Officials of NASA and its aerospace industry partners said Tuesday that three types of experimental craft were poised to begin flight testing starting in the summer of 2000.
The X-33 craft, being built by the Lockheed Martin Skunk Works in Palmdale, Calif., will undergo suborbital flights next summer. Another craft, called the X-34 and being built by Orbital Sciences Corp. of Dulles, Va., will undergo engine and structural tests in 2000, leading up to a series of flights.
A third craft, called the X-37, is in an earlier development stage by the Boeing Co., but is scheduled for two test flights from the space shuttle starting in 2002.
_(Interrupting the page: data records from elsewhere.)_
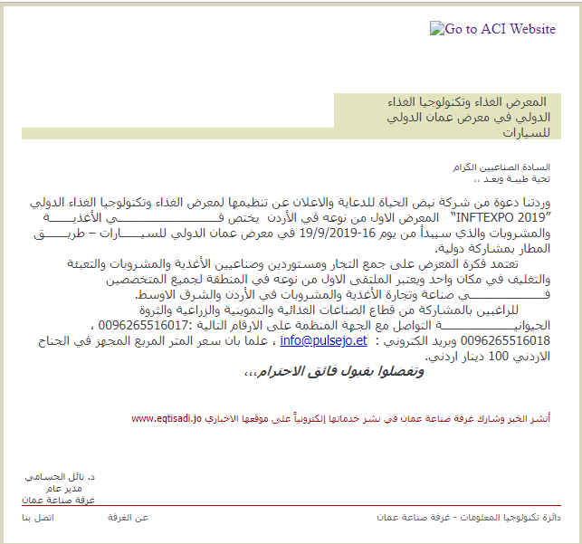 وردتنا دعوة من شركة نبض الحياة للدعاية والاعلان عن تنظيمها لمعرض الغذاء وتكنولوجيا الغذاء الدولي “INFTEXPO 2019” المعرض الاول من نوعه في الأردن يختص فـــــــــــــــــــــــــــــــي الأغذيـــــــة والمشروبات والذي سيبدأ من يوم 16-19/9/2019 في معرض عمان الدولي للسيــــــارات – طريـــــــق المطار بمشاركة دولية.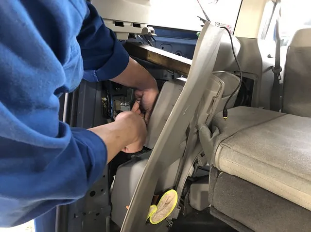 配線の引き直しまたリヤバックカメラの配線も取り廻し組付けていきます。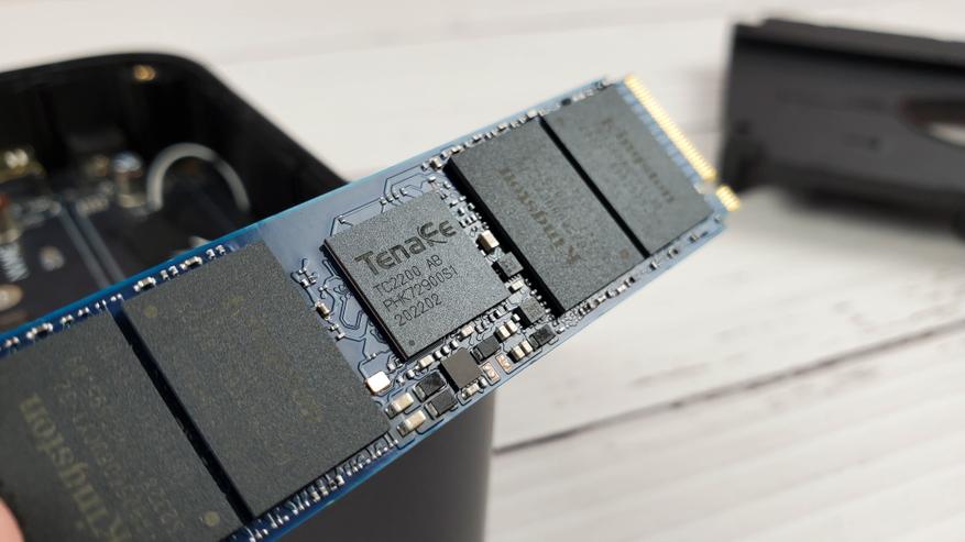 Наклейку я удалил, чтобы посмотреть на чипы. Да и охлаждение это улучшит, так как наклейка здесь самая обыкновенная. Контроллер Tenafe TC 2200 работает с SSD без DRAM, поддерживает интерфейс PCIe Gen4, NVMe 1.4 и максимальную производительность до 4,8 GB/s. Работает он в тандеме с памятью Kingston FB25608UCY1-32.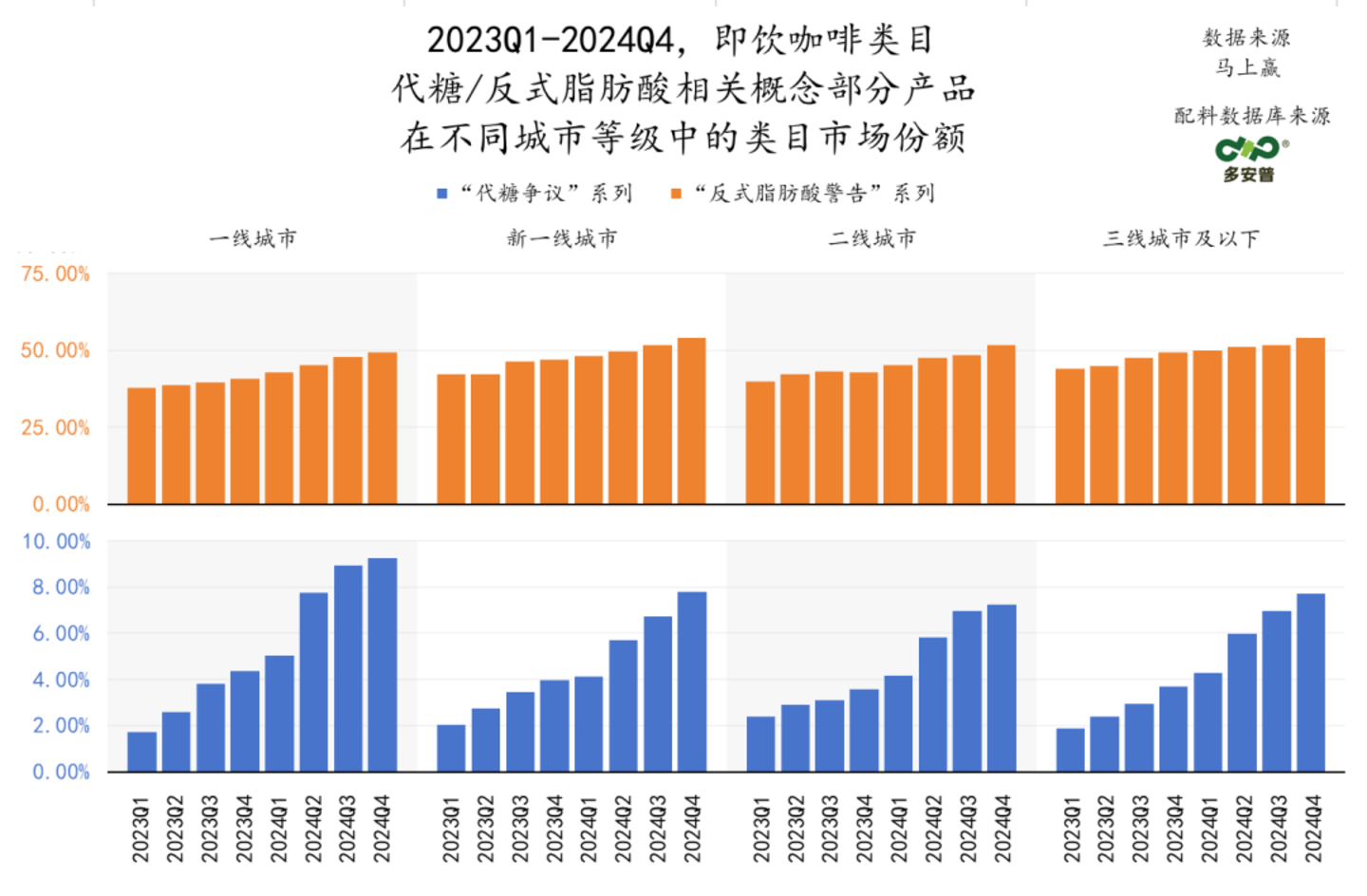 基于马上赢品牌CT中,2024年全年时间段,即饮咖啡/即饮奶茶两个类目各自的非组合装TOP20 SKU,以及多安普数据库(www.dap-data.com)中这些SKU的配料表、技术指标与配料的相关信息,通过从“配料-配料表-产品-市场销售”表现的全链路交叉/穿透,来观察两个类目TOP产品背后,消费者选择反映在产品配料表/配料上的趋势。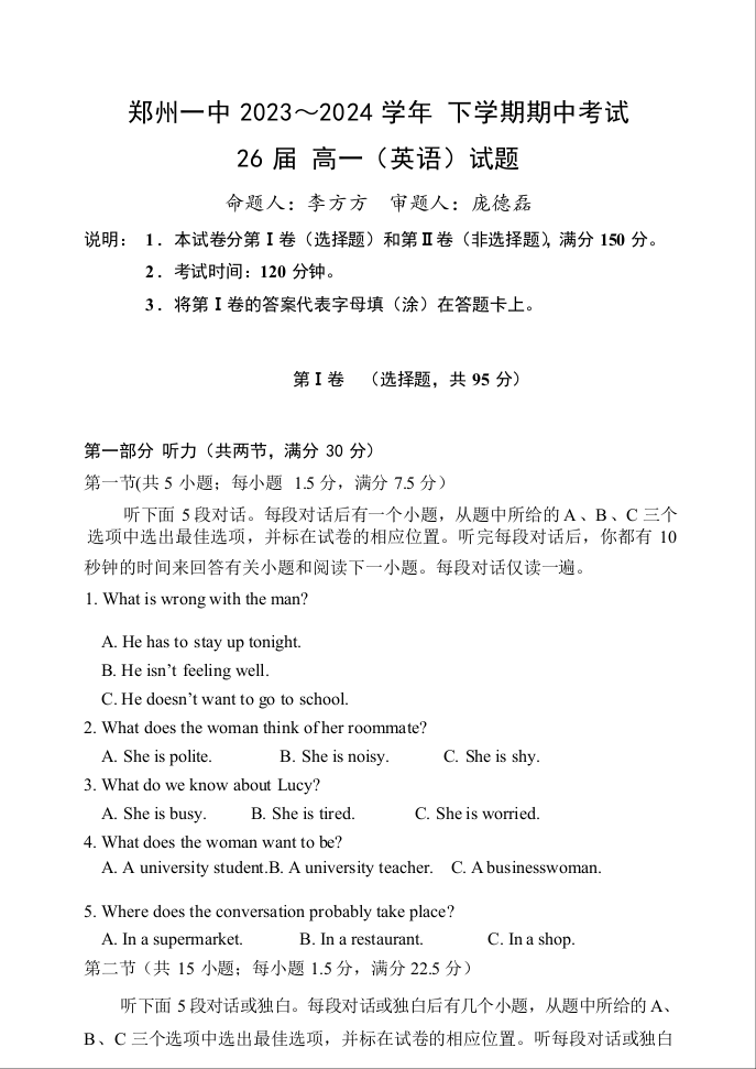 河南省郑州市第一中学2023-2024学年高一下学期期中考试英语
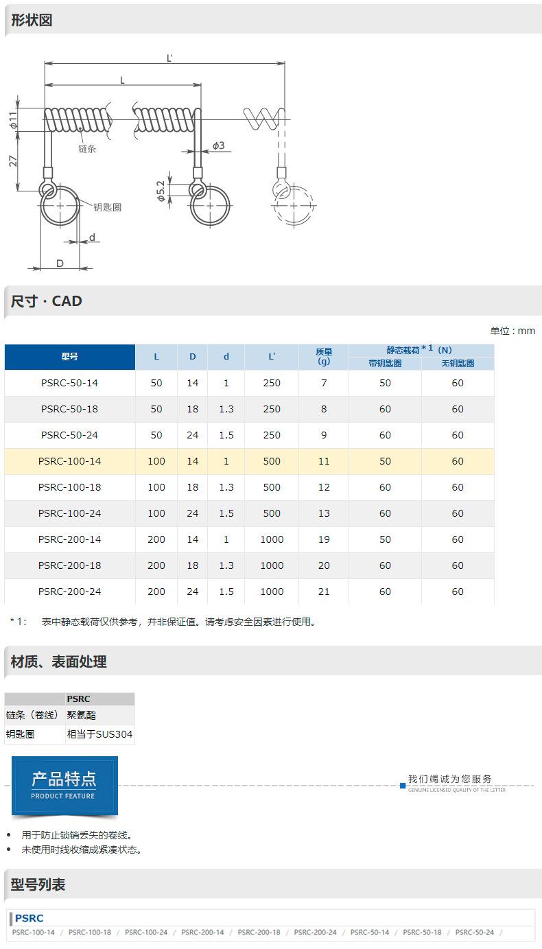 Línea en espiral NBK para pasador de bloqueo PSRC, llavero de acero inoxidable que evita la pérdida del pasador de posicionamiento, pasador de resorte, suministro directo de fábrica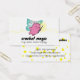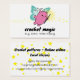 Fada de animais lindos ou monstros com gancho mágico de crochê neste cartão de visita para artesanatos de fios crochetados, personalizada com sua escolha de esquema de cores e fontes, perfeita para venda de presentes e artesanatos.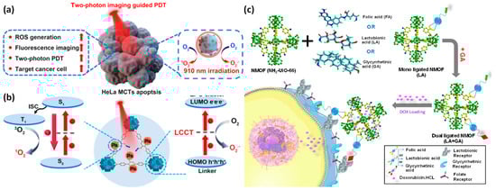 (a) Schematic illustration displaying the PDT guided by two-photon fluorescence imaging, the target cancer cell, and the light-induced ROS creation; (b) mechanisms of ROS created by PCN-58-Ps-HA by light irradiation of two-photon; (c) drug delivery systems using functionalized Zr-based NMFOs (NH2-UiO-66) for the targeted therapy of hepatocellular cancer are represented systematically. Reproduced with permission from references [,].

Gary Payton, deputy associate administrator of the National Aeronautics and Space Administration, said the goal of the technology development program was to ``bring down the cost of space access by a factor of 10.''
Putting a pound into orbit using current rockets or the space shuttle costs $5,000 to $20,000 a pound, he said, and there is no way to improve those costs with the present U.S. launch systems. Most current rockets are expendable -- used one time and thrown away -- and take weeks to prepare for launch.
The new generation of space launchers could reduce the cost of space access to about $1,000 a pound, officials said.
Payton said the program also would develop spacecraft that could be launched more often and by fewer people. It now takes hundreds of engineers who spend weeks in preparation to launch a single payload.
With the new generation of spacecraft, he said, ``five flights in 21 days will be routine.''
Lockheed's X-33 is designed to be launched as a single stage to orbit, in contrast to current systems that use several rockets to reach space. It is a 69-foot-long, wedge-shaped craft that is launched vertically and then lands like an airplane after a gliding descent from orbit.
Cleon Lacefield said a goal of the X-33 program was to build a spacecraft that could be launched every seven days by as few as 50 people from simple spaceports that could be located virtually anywhere.
The X-33 will start a series of 15 test flights next summer. The first will be a suborbital flight from Edwards Air Force Base in California to the Dugway Proving Ground in Utah. The craft is expected to reach an altitude of 31 miles and accelerate to 11 times the speed of sound.
The X-34 is designed as the ``workhorse'' test vehicle for the program, said Bob Lindberg of Orbital Sciences. Orbital is building three models of the X-34, with each one being used for different phases of testing new technologies and materials that could be used in later spacecraft. It will make 27 flight tests.
Lindberg said the X-34 is a robot rocket that will be launched at high altitude from a converted airliner. Some tests will involve unpowered drops to a landing, but later the X-34 will rocket up to 250,000 feet at eight times the speed of sound before returning to Earth.
The X-37, being built by Boeing, will be carried into orbit by the space shuttle, fly to higher orbits and then land like an airplane. More than three dozen technologies will be tested in two flights by the craft starting in 2002.
Part of the cost of the development programs is being paid by private industry. For the X-33, NASA has invested $941 million and industry has contributed $287 million. Boeing and NASA are splitting the $173 million cost of the X-37. Orbital is building and testing the X-34 under a $85.7 million NASA contract.